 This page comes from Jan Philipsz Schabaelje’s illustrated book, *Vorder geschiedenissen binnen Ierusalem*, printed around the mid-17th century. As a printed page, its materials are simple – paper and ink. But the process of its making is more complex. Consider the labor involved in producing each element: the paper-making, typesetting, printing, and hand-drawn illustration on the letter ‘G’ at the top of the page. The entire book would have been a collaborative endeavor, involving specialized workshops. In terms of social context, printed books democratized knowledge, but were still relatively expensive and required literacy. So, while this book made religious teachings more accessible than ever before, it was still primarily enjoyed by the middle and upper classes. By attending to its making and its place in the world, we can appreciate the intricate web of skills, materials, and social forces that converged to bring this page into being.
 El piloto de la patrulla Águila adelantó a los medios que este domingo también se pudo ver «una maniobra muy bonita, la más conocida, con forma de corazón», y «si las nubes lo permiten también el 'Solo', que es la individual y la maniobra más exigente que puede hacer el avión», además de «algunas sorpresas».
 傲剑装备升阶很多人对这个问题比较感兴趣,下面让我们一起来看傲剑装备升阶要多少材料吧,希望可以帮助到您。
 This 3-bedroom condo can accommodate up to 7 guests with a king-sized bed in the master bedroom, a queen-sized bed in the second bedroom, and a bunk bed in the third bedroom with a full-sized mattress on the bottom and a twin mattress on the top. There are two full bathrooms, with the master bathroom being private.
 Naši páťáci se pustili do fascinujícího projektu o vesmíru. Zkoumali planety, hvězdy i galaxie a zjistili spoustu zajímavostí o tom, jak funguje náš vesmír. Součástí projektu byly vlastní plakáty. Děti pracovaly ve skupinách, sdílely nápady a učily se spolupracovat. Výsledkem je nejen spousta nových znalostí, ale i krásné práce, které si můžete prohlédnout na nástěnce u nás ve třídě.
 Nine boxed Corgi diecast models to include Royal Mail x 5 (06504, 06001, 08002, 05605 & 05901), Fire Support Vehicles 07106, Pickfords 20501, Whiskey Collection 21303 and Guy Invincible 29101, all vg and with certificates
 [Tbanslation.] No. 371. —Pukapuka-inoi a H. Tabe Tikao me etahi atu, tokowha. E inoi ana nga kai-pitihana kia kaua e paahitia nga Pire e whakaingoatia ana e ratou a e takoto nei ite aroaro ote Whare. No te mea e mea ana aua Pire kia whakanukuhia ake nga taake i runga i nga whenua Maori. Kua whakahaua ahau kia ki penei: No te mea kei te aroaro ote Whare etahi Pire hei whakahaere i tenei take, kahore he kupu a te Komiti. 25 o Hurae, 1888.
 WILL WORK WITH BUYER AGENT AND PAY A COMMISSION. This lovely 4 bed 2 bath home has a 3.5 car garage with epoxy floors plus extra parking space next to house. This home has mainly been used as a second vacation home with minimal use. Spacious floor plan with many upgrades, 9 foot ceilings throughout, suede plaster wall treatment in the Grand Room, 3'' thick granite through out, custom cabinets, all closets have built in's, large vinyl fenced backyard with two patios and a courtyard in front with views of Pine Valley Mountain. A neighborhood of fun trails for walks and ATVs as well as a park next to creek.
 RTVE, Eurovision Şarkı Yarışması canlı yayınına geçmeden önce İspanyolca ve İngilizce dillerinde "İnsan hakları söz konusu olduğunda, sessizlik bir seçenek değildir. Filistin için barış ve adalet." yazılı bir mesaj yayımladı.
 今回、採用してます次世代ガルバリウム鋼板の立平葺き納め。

━━━━━━━━

§ **What you should do**: Write out every record above, word for word.

§ **Your response**:
 This page comes from Jan Philipsz Schabaelje’s illustrated book, *Vorder geschiedenissen binnen Ierusalem*, printed around the mid-17th century. As a printed page, its materials are simple – paper and ink. But the process of its making is more complex. Consider the labor involved in producing each element: the paper-making, typesetting, printing, and hand-drawn illustration on the letter ‘G’ at the top of the page. The entire book would have been a collaborative endeavor, involving specialized workshops. In terms of social context, printed books democratized knowledge, but were still relatively expensive and required literacy. So, while this book made religious teachings more accessible than ever before, it was still primarily enjoyed by the middle and upper classes. By attending to its making and its place in the world, we can appreciate the intricate web of skills, materials, and social forces that converged to bring this page into being.
 El piloto de la patrulla Águila adelantó a los medios que este domingo también se pudo ver «una maniobra muy bonita, la más conocida, con forma de corazón», y «si las nubes lo permiten también el 'Solo', que es la individual y la maniobra más exigente que puede hacer el avión», además de «algunas sorpresas».
 傲剑装备升阶很多人对这个问题比较感兴趣,下面让我们一起来看傲剑装备升阶要多少材料吧,希望可以帮助到您。
 This 3-bedroom condo can accommodate up to 7 guests with a king-sized bed in the master bedroom, a queen-sized bed in the second bedroom, and a bunk bed in the third bedroom with a full-sized mattress on the bottom and a twin mattress on the top. There are two full bathrooms, with the master bathroom being private.
 Naši páťáci se pustili do fascinujícího projektu o vesmíru. Zkoumali planety, hvězdy i galaxie a zjistili spoustu zajímavostí o tom, jak funguje náš vesmír. Součástí projektu byly vlastní plakáty. Děti pracovaly ve skupinách, sdílely nápady a učily se spolupracovat. Výsledkem je nejen spousta nových znalostí, ale i krásné práce, které si můžete prohlédnout na nástěnce u nás ve třídě.
 Nine boxed Corgi diecast models to include Royal Mail x 5 (06504, 06001, 08002, 05605 & 05901), Fire Support Vehicles 07106, Pickfords 20501, Whiskey Collection 21303 and Guy Invincible 29101, all vg and with certificates
 [Tbanslation.] No. 371. —Pukapuka-inoi a H. Tabe Tikao me etahi atu, tokowha. E inoi ana nga kai-pitihana kia kaua e paahitia nga Pire e whakaingoatia ana e ratou a e takoto nei ite aroaro ote Whare. No te mea e mea ana aua Pire kia whakanukuhia ake nga taake i runga i nga whenua Maori. Kua whakahaua ahau kia ki penei: No te mea kei te aroaro ote Whare etahi Pire hei whakahaere i tenei take, kahore he kupu a te Komiti. 25 o Hurae, 1888.
 WILL WORK WITH BUYER AGENT AND PAY A COMMISSION. This lovely 4 bed 2 bath home has a 3.5 car garage with epoxy floors plus extra parking space next to house. This home has mainly been used as a second vacation home with minimal use. Spacious floor plan with many upgrades, 9 foot ceilings throughout, suede plaster wall treatment in the Grand Room, 3'' thick granite through out, custom cabinets, all closets have built in's, large vinyl fenced backyard with two patios and a courtyard in front with views of Pine Valley Mountain. A neighborhood of fun trails for walks and ATVs as well as a park next to creek.
 RTVE, Eurovision Şarkı Yarışması canlı yayınına geçmeden önce İspanyolca ve İngilizce dillerinde "İnsan hakları söz konusu olduğunda, sessizlik bir seçenek değildir. Filistin için barış ve adalet." yazılı bir mesaj yayımladı.
 今回、採用してます次世代ガルバリウム鋼板の立平葺き納め。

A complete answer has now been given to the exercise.